Automation is coming.
It is affecting nearly all industries.
And it would be stupid to ignore it.
But aren’t we taking the frenzy a tad too far?
(Disclaimer:
This article is a bit messy – I have tried my best to give it a decent shape – but if we are to be honnest, it needs some serious re-writing – which I will probably do – but I wanted to get this out now anyway – so take it as a work in progress with maybe a few unfinished thoughts / sentence here and there…)
Human Need Not Apply
(Watch this one if you haven’t!)
AI will replace the human race
If we are to believe headlines :
AI will replace HR (MIT Tech Review)
AI will replace project managers (LPMO)
AI will replace the customer services (The Telegraph)
AI will replace CEO (Jack MA, Alibaba founder)
So basically, it sounds like the only one that AI will not replace are the customers (unless for B2B I guess… I mean if all the companies are made of AI employees and AI boss, then who run the purchasing department…)

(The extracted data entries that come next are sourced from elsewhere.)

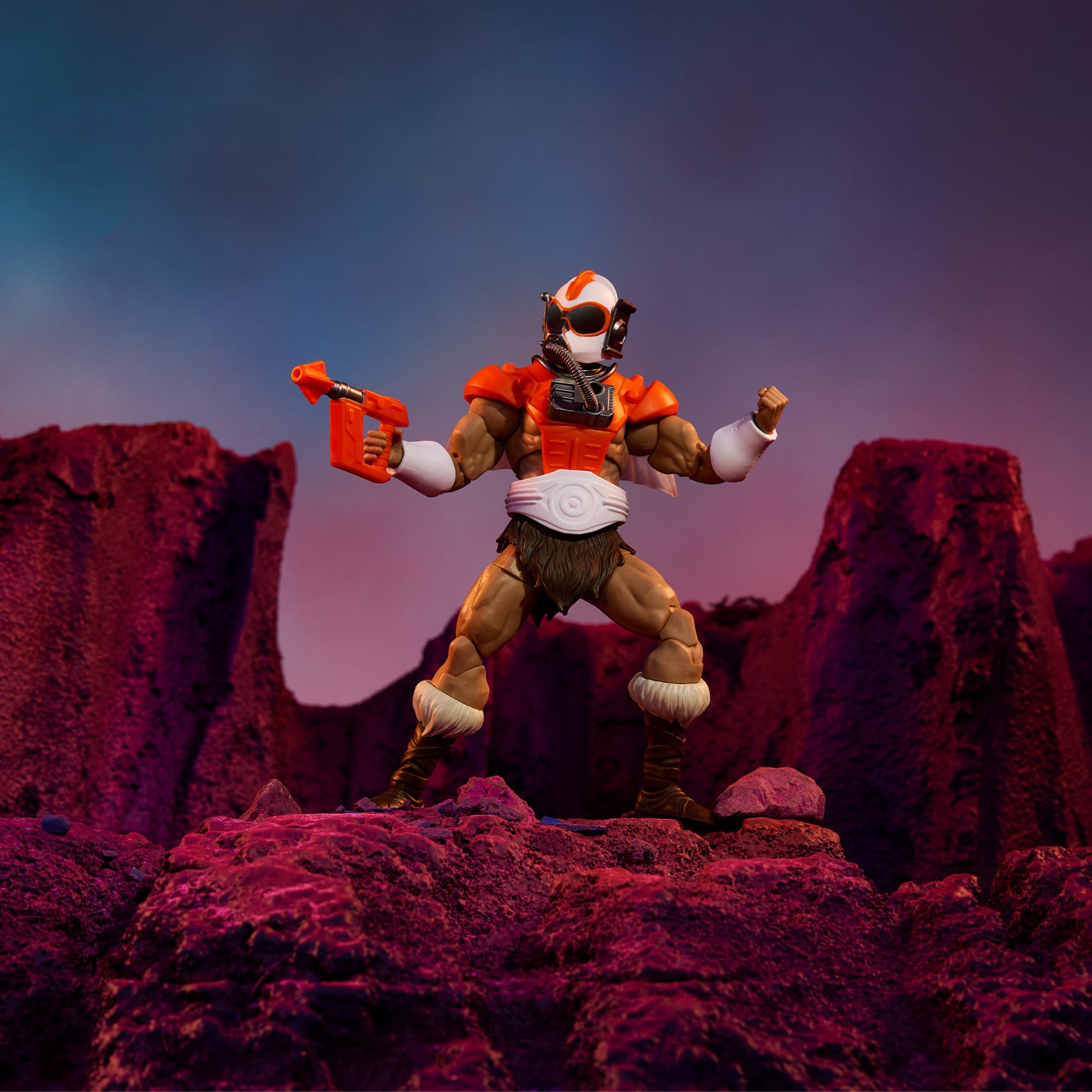 From Eternia’s past comes a legendary champion from the gladiator arena – Vykron. He took on all challenges. no matter the foe or terrain. After each victory. Vykron would claim the armor and weapons of his opponents. He would then take the time to master each weapon and their battle techniques. becoming a one-man arsenal in the ring.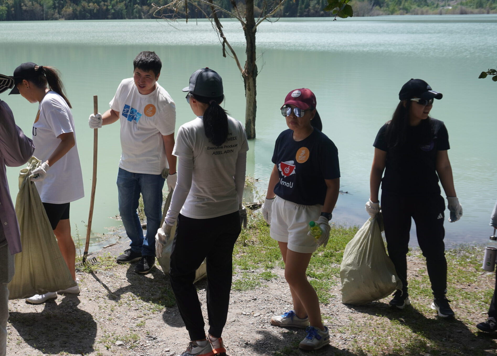 AlmaU Eco Team Building took place on August 9th at Lake Issyk. It brought together university staff for an important environmental mission: cleaning up the area around Lake Issyk.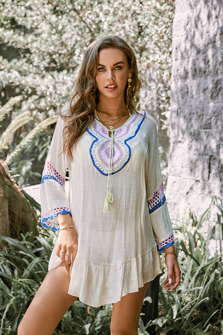 Our Cover-up features irregular hem and fringe design. Wear the Valda Scoop Crochet Short Cover Up over your favorite swimsuit. You must need such a cover up when you travel.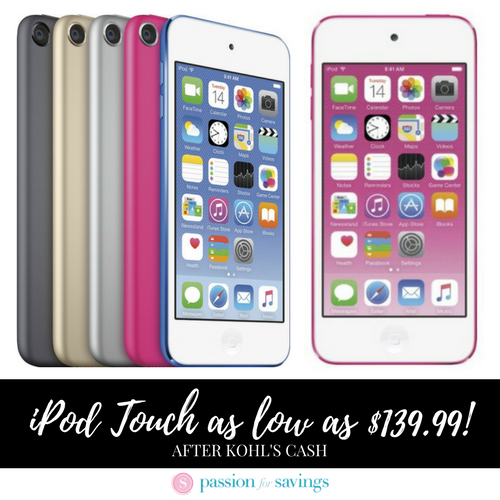 Kohl’s has the BEST PRICE on an iPod Touch I’m seeing anywhere. They have the 16GB iPod Touch for only $199.99 + You’ll earn $60 in Kohl’s Cash when you spend $200 so just add something small into your order! You cannot use coupon codes on the iPod at Kohls.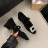 Premium Gray Thick Heel High Heel Square Head Rhinestone Single Shoes Women's Season Velvet Mary Jane Shoes
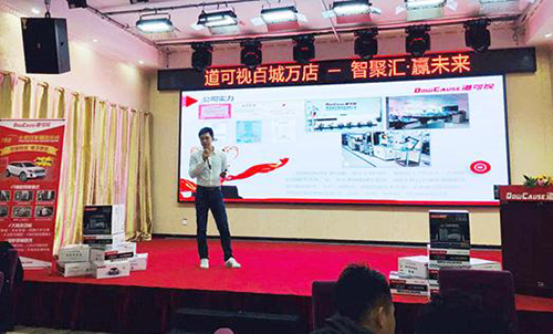 在隨后的活動中,道可視大區經理雷玉杰就360°全景的安裝、售后等問題,將智慧聯盟店的招商政策進行了詳細講解。

And actually if we are to belive Elon Musk, Tesla CEO artificial intelligence poses an “existential threat” to human civilization. (NPR)
So, while we can clearly invision AI create serious redundancies in some industries – like for instance in logistics with s_elf-driving trucks_ or containers management system like Amazon is using, but like many ports around the world as well – to claim AI will take over humanity like Elon Musk is kind of trying to say – is a bit far fetched.
Fear is a tool to influence public opinion
Actually, if we were to believe everything that is published, every working person will be a bot, no job is safe and we will all end up unemployed and therefore we have to introduce Universal Basic Income as a solution because we cannot work with each other anymore – all job have been taken – so now – your job is to be a customer – so here is your check and go buy what the AI has produced for you.
Yeah..
ok maybe I am over dramatizing the situation but honnestly, if you read what is being published, this is exactly the kind of future the press is sort of painting for us.
The mantra seems to be:
All job will be replaced, therefore there will be mass unemployement, therefore we have to subsidize your existence to keep the economy going (i.e. so you can keep being a customer to a system that has replaced you).
Let’s pause to think for a moment
First, if machines can do these jobs for us, great, why not after all…
I mean – why would it be a bad thing inherently to have better means of production, cheaper and more efficient?
That would probably limit the amount of accidents in the workplace – especially in jobs like logistics.
So yeah, it will generate unemployement.
Well, clearly we will have the reassess a few things.
Seems like carreer management and personal developpment will be booming.
Some says these people cannot find a job elsewhere.
I dunno.
Why do we go to work on the first place?
Why do we need these specific jobs?
What will we do with our lives if most of todays’ jobs are gone? (Which is a much more frightening questions that I don’t think is discussed very often)
If this is such a bad thing, why did we introduced AI on the first place?
And it is good, why is everybody so worried?
I think we should consider a couple of things.
- Let’s make the difference between a “job” and “work”
- Let’s try to see what still make us human once machines are doing everything for us
Job vs Work
We all get the difference between value production and just getting busy.
At least on paper.
Because sometime even the most efficient people are caught into “getting busy” and are not accomplishing anything.
Just being employed – or being useful to those around you – to society – is how I see the major difference between jobs and work.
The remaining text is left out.